**SOURCE DATA**

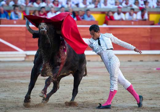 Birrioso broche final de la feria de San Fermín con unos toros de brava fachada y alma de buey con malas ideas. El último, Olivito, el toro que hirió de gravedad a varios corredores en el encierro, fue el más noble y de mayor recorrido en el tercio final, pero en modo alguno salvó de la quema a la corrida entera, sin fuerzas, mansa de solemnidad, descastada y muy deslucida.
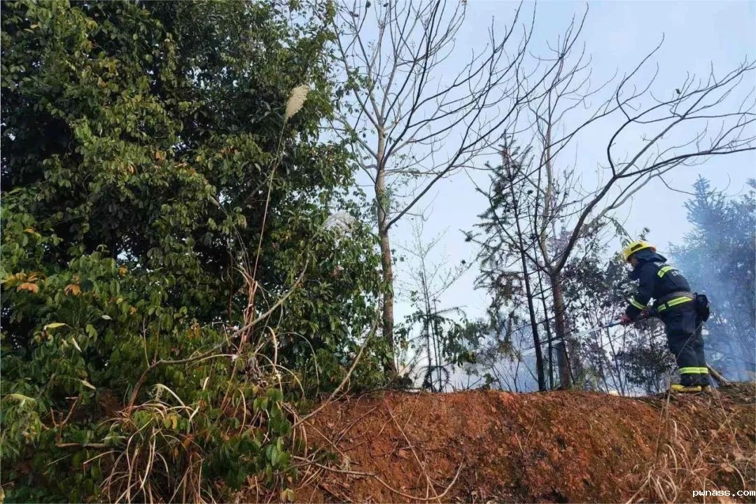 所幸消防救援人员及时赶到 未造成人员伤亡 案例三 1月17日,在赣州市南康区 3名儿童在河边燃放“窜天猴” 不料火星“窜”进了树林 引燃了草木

* * *

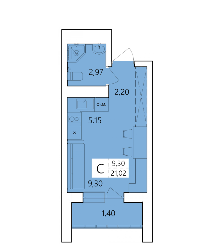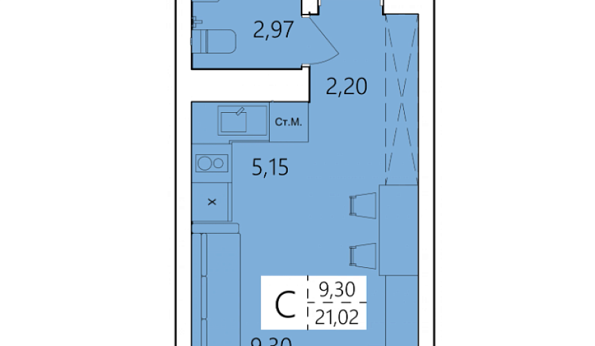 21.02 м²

==

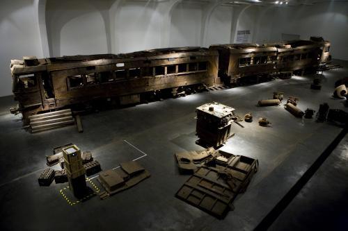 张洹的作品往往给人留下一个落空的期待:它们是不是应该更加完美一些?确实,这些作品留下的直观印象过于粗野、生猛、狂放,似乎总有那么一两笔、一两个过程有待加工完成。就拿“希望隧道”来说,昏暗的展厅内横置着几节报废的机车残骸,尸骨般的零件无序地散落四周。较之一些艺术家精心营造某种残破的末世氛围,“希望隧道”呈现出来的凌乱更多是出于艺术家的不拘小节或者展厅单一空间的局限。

**EXERCISE OBJECTIVE**
Quote word for word only the lines above from the one containing "Birrioso broche final" through the one containing "所幸消防救援人员及时赶到 未造成人员伤亡 案例三". Pictures stay out of your copy.

**ANSWER BOX**
 Birrioso broche final de la feria de San Fermín con unos toros de brava fachada y alma de buey con malas ideas. El último, Olivito, el toro que hirió de gravedad a varios corredores en el encierro, fue el más noble y de mayor recorrido en el tercio final, pero en modo alguno salvó de la quema a la corrida entera, sin fuerzas, mansa de solemnidad, descastada y muy deslucida.
 所幸消防救援人员及时赶到 未造成人员伤亡 案例三 1月17日,在赣州市南康区 3名儿童在河边燃放“窜天猴” 不料火星“窜”进了树林 引燃了草木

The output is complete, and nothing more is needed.